Ноэль огляделась. Четыре квадратные ниши были расположены по обеим сторонам моста. В одной из них съежилась древняя старуха, в другой спали два оборванца. Ноэль подвела Дейзи к одной из свободных ниш и, легонько толкнув, прислонила к холодной каменной стене, которая могла стать хоть каким-то прикрытием от укусов ветра. Сама девочка съежилась рядом с матерью.

— Мама, что случилось?

Дейзи безучастно посмотрела на дочь.

— Расскажи мне, что случилось, — умоляла Ноэль.

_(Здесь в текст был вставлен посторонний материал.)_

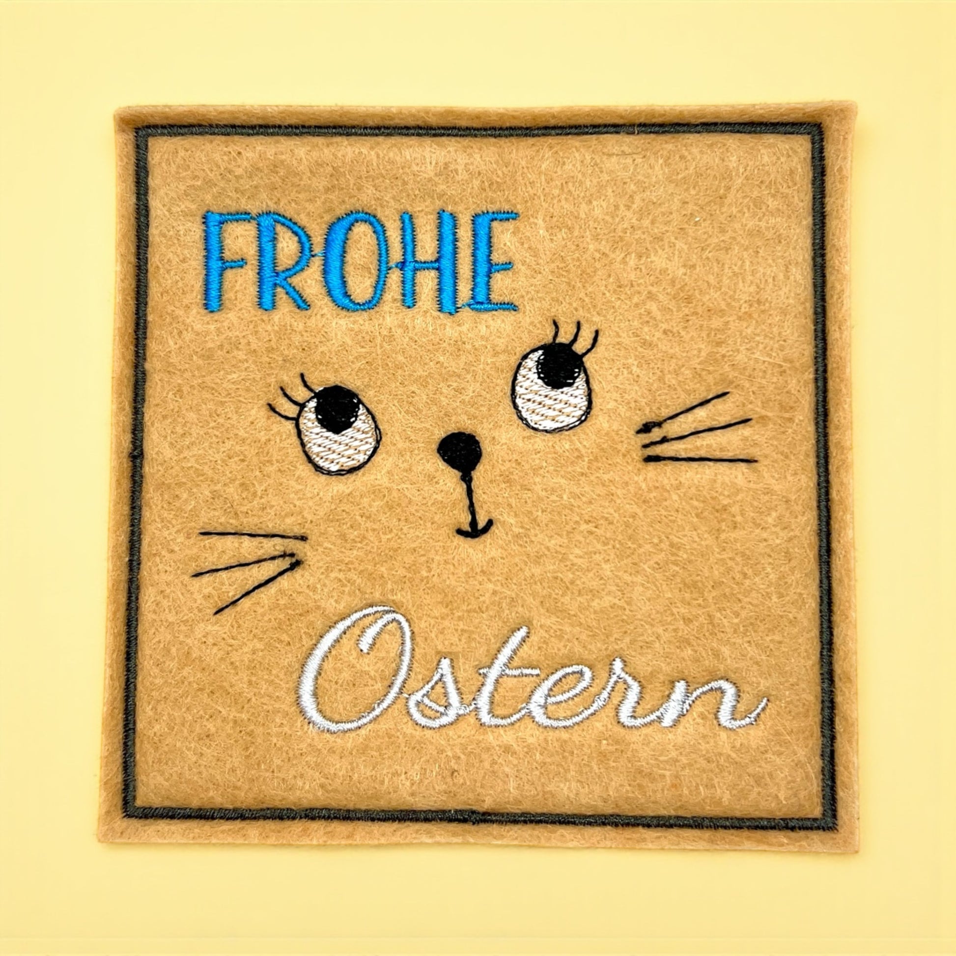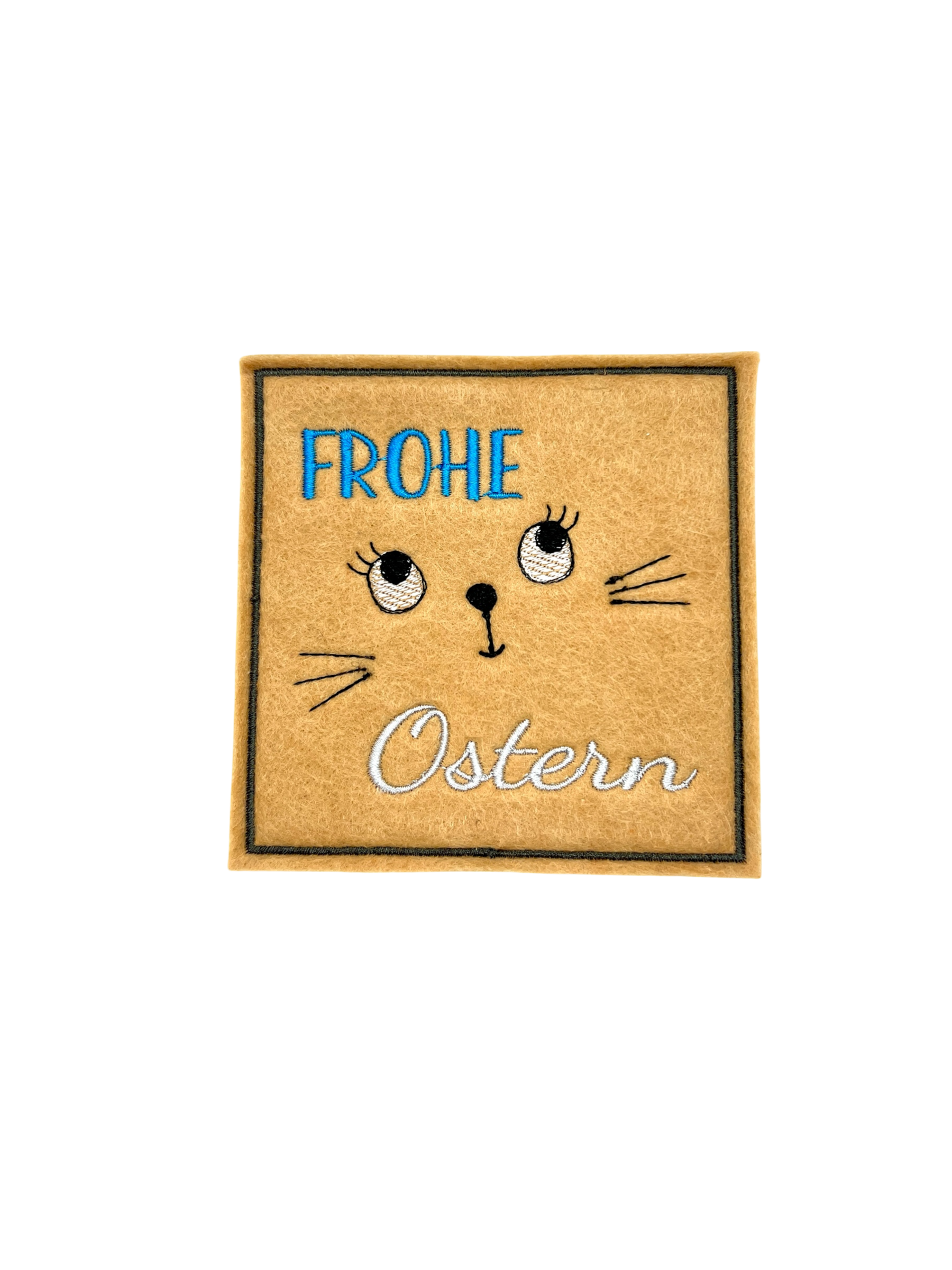 4 Glasuntersetzer aus 2 Lagen Filz, bestickt mit Ostermotiv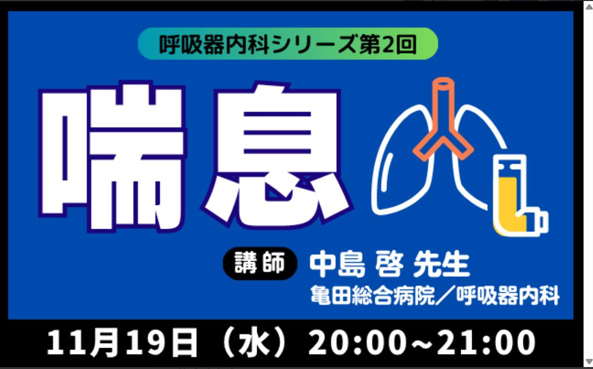 民間医局コネクトセミナーで、当科の中島主任部長が、喘息のオンラインレクチャーを行います。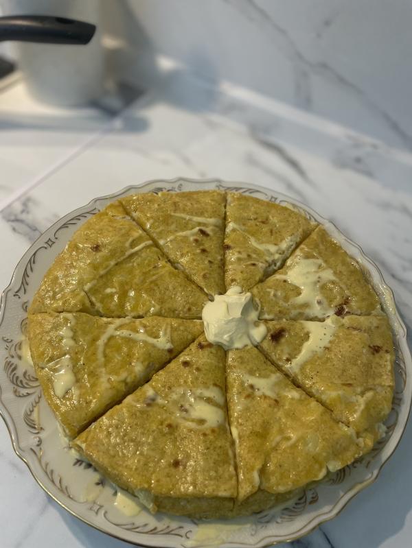 2) тесто: берем муку обычную и кукурузную чтоб было по ровному можно взять тарелки для супа и одна в одной тарелке другая в другой, после же берем тазике насыпаем обе тарелки с муками хорошо размешиваем потом добавляем теплую воду по чуть чуть чтоб тесто было не жидким но и не твердым и вот оно готово тесто,оставляем на минут,10,15 так оно лучше становится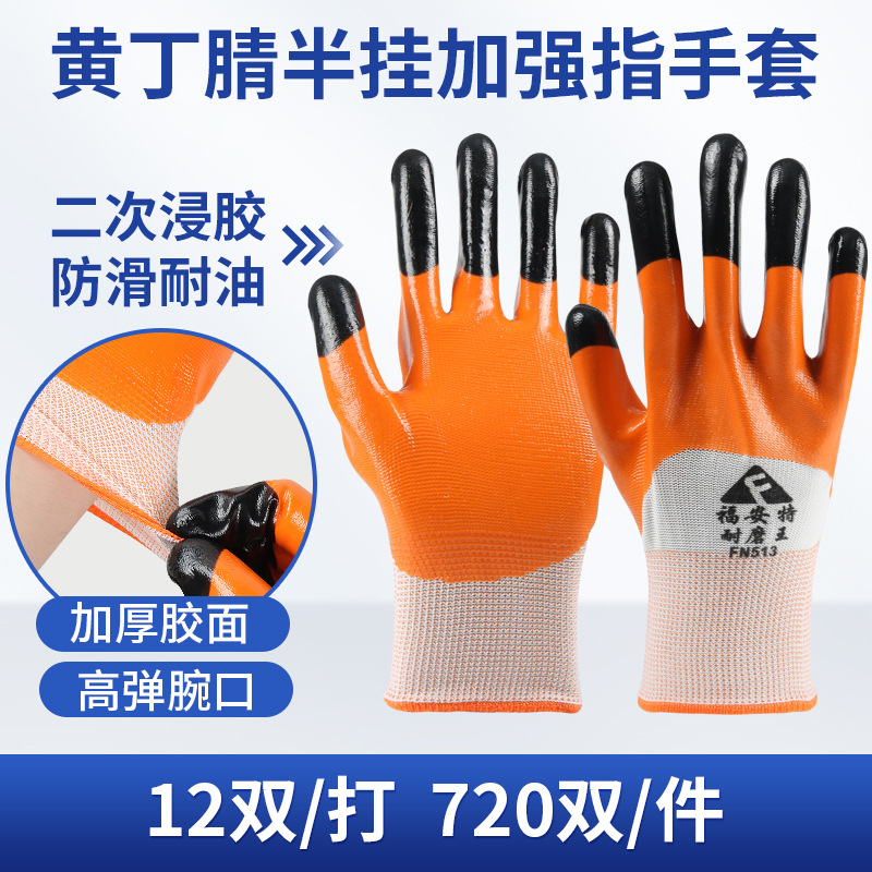 공장 도매 노동 보호 장갑 니트릴 세미 행잉 강화 손가락 내마모성 미끄럼 방지 디핑 접착제 교수형 접착제 사이트 보호 장갑스토어 가기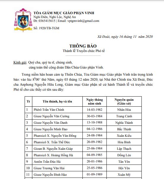 Vào hôm 5/11/2020, Tòa Giám mục Giáo phận Hà Tĩnh có Thư rao số 32/2020/T-GM thông báo về việc Truyền chức Linh mục cho 14 thầy Phó tế thuộc Khóa XIII, Đại Chủng viện Thánh Phanxicô Xaviê. Xem ảnh dưới: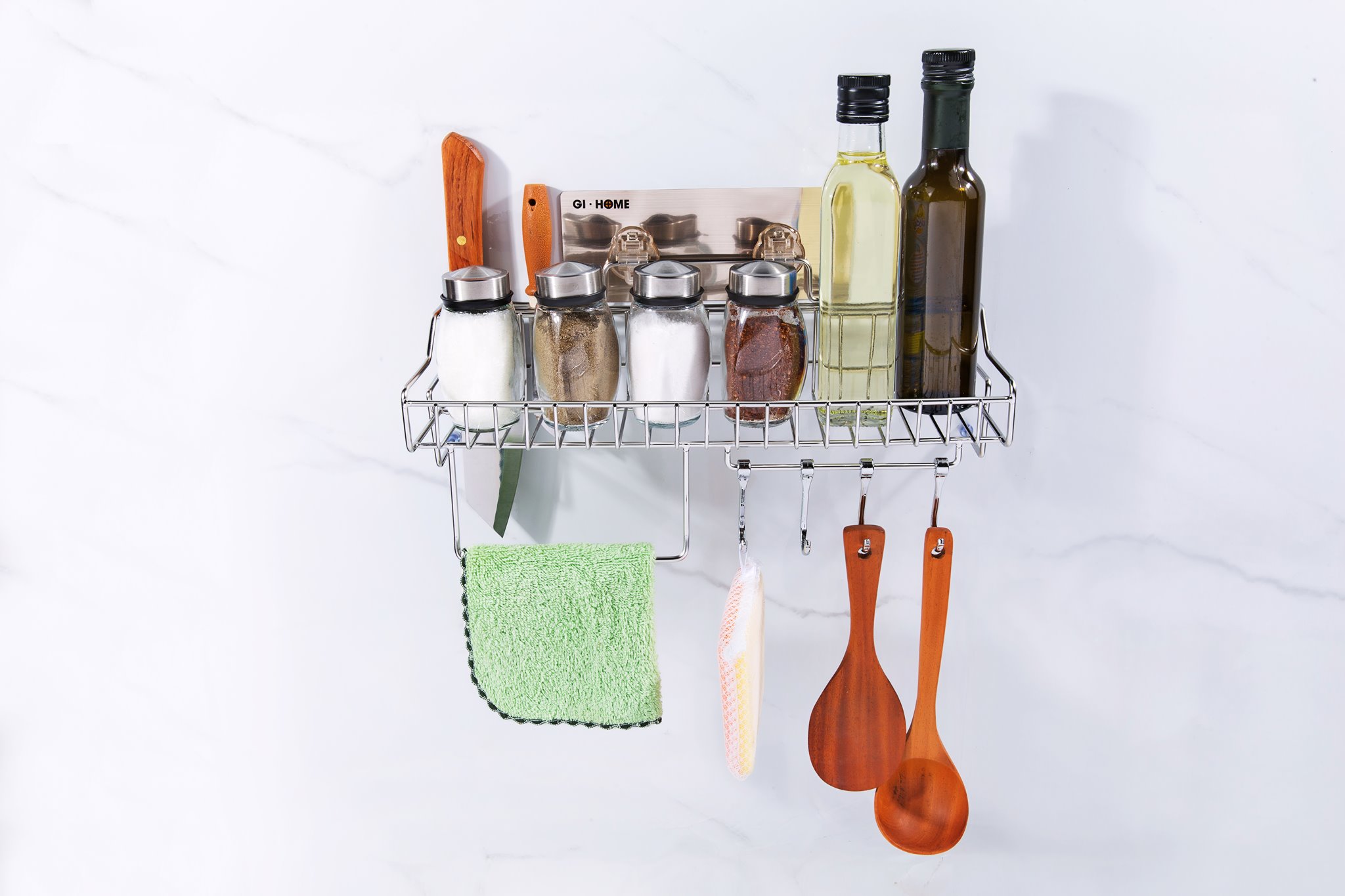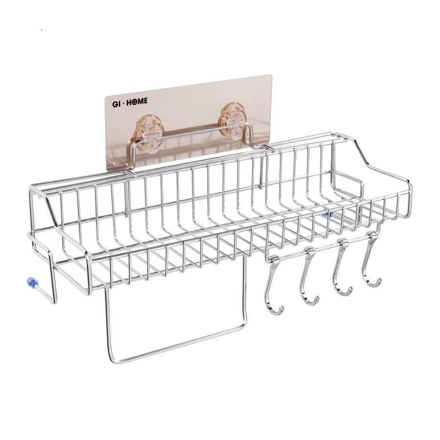 Khay inox 304 cao cấp được thiết kế với sự thông thoáng tối đa cùng lỗ thông khí phía mặt dưới, 2 mặt bên, đảm bảo kệ luôn khô ráo sạch sẽ. Kệ bếp đa năng cao cấp dán tường GI-82420 đa năng 4 trong 1 có thể để gia vị, gài dao, móc treo đồ và máng khăn, giúp nhà bếp của bạn trông gọn gàng hơn.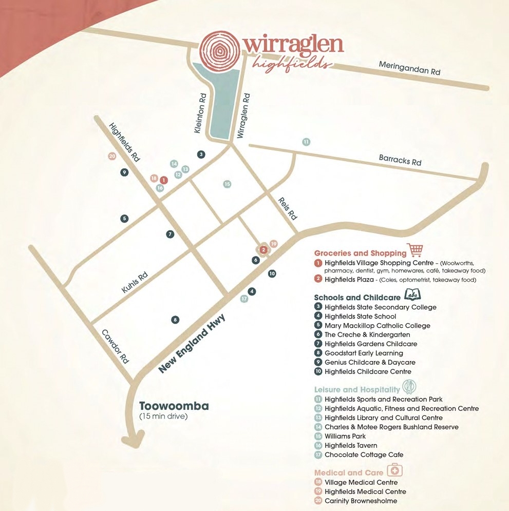 - Located at the juncture of tree lined Wirraglen Road and sweeping Kleinton Road, Wirraglen offers exceptional living just minutes from the Highfields town centre.

Тень поднялась в глазах Дейзи. Ее заменил ужас, такой неистовый, что Ноэль отпрянула.

— Ньюгейт!

Название печально известной долговой тюрьмы повисло между ними, как смертный приговор.

— Они идут за мной. Как раз этим утром они придут за мной, чтобы забрать меня в Ньюгейт. Караульный на Ойстер-Лэйн — мой друг. Он подслушал разговор двух мужчин. Я должна быть арестована за долги.

Дейзи прижала Ноэль к себе и начала горько плакать.

— Мы никогда не сможем вернуться, — сказала она, всхлипывая.

На следующий день они нашли сырое жилье в тусклом переполненном многоквартирном доме. Закладывая некоторые вещи, которые остались у Дейзи, они могли покупать себе еду и платить ренту за квартиру в последующие за этим месяцы. Найти работу оказалось невозможно для Дейзи.

Она боялась обращаться в какие-либо театры из-за шанса быть узнанной. Никакого другого опыта у женщины не было, а внешность ее была настолько изящной, что ни на какую более тяжелую работу ее не брали.